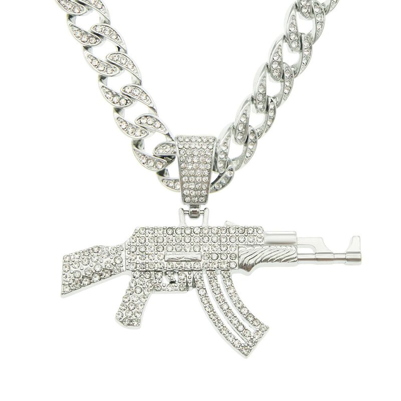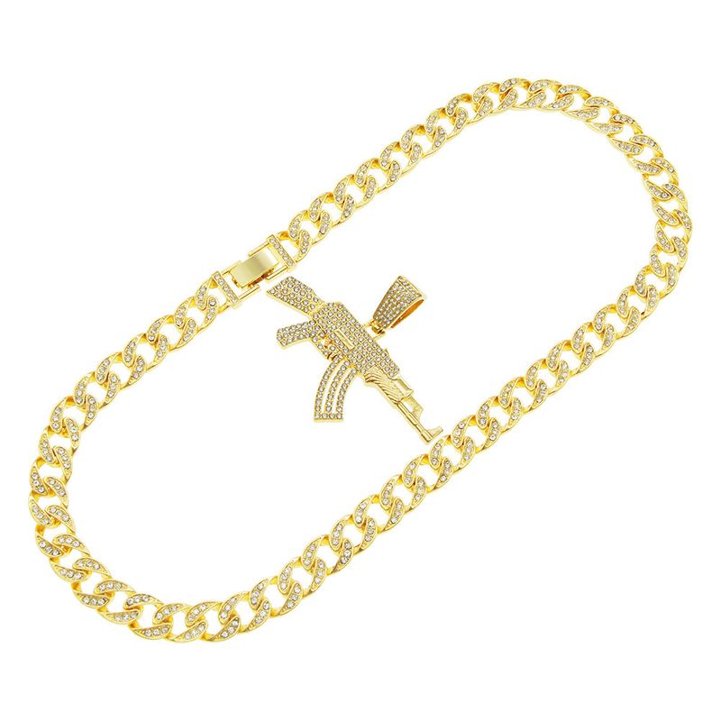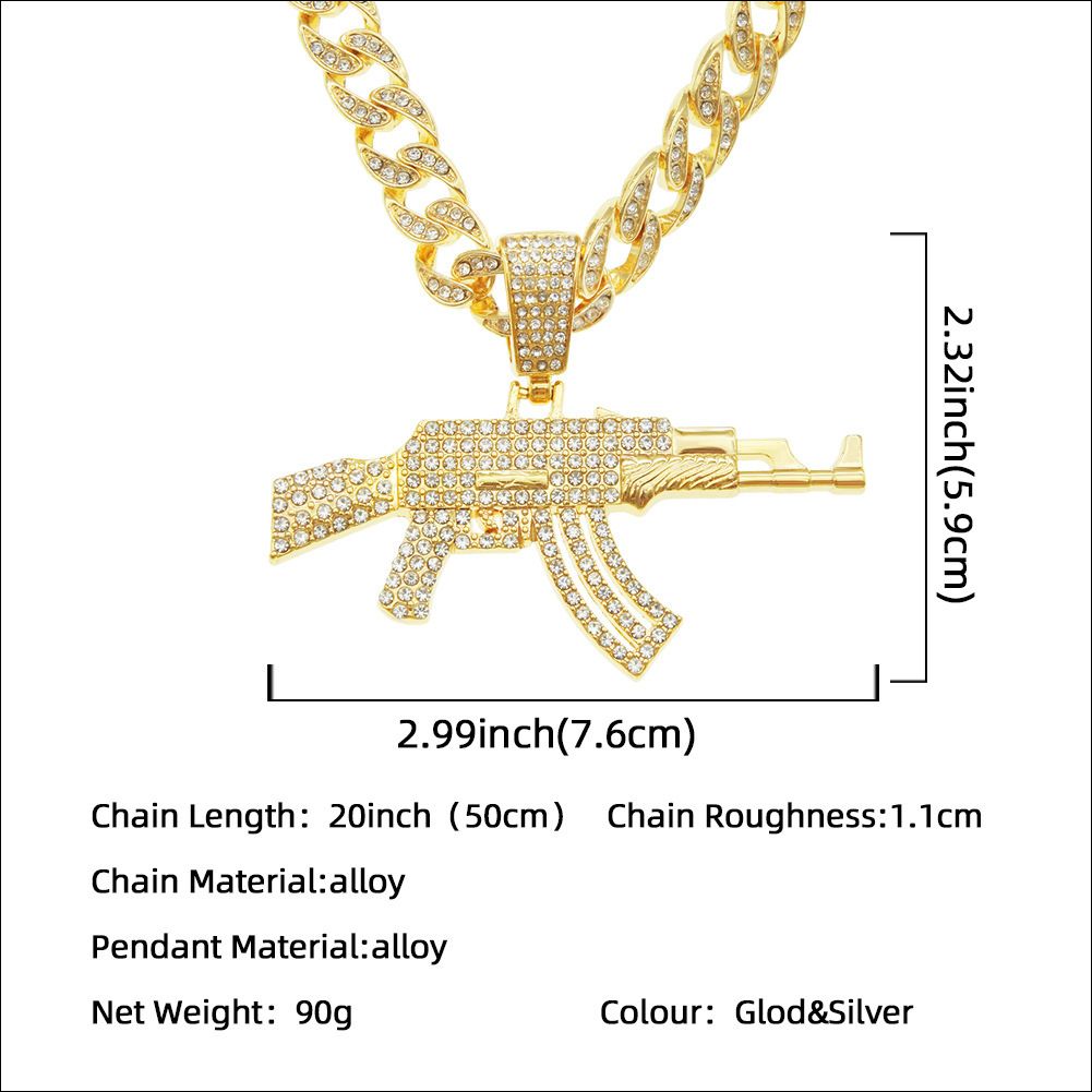 Edgy Western Punk Hip-Hop Rap Style Gun Pendant Necklace – Trendy Men's Nightclub Cuban Chain
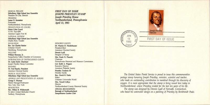 | | Oversized Items | | 1382 | 2038 | 4/13/1983 | Joseph Priestley; USPS; Ceremony Program | $15.00 |
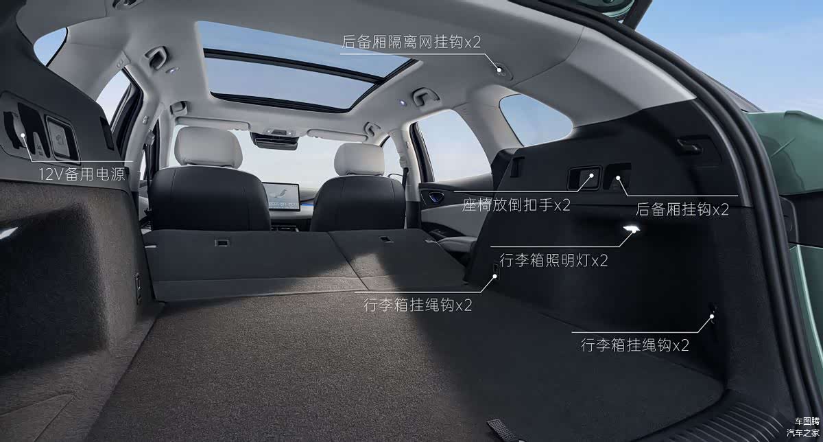 进入内部,海豹06DM-i旅行版造型依然很熟悉,提供海韵灰和深曜黑两种颜色选择。中控台样式有些偏向海豹06 DM-i三厢版的设计风格,不过新车采用了怀挡设计。配置方面,新车配有50W手机无线充电、前排座椅通风/加热、冷暖两用的车载冰箱、带遮阳帘的全景天窗、12.8英寸中控屏、DiLink 100、电动后备箱等功能。海豹06DM-i旅行版后备箱常规容积为650L,放倒后排座椅后空间进一步扩展至1535L。
------------------------------------------------------------
Work instruction. Images in the data above are to be skipped. Retype all other material exactly.

Answer to this task.
 Edgy Western Punk Hip-Hop Rap Style Gun Pendant Necklace – Trendy Men's Nightclub Cuban Chain
 | | Oversized Items | | 1382 | 2038 | 4/13/1983 | Joseph Priestley; USPS; Ceremony Program | $15.00 |
 进入内部,海豹06DM-i旅行版造型依然很熟悉,提供海韵灰和深曜黑两种颜色选择。中控台样式有些偏向海豹06 DM-i三厢版的设计风格,不过新车采用了怀挡设计。配置方面,新车配有50W手机无线充电、前排座椅通风/加热、冷暖两用的车载冰箱、带遮阳帘的全景天窗、12.8英寸中控屏、DiLink 100、电动后备箱等功能。海豹06DM-i旅行版后备箱常规容积为650L,放倒后排座椅后空间进一步扩展至1535L。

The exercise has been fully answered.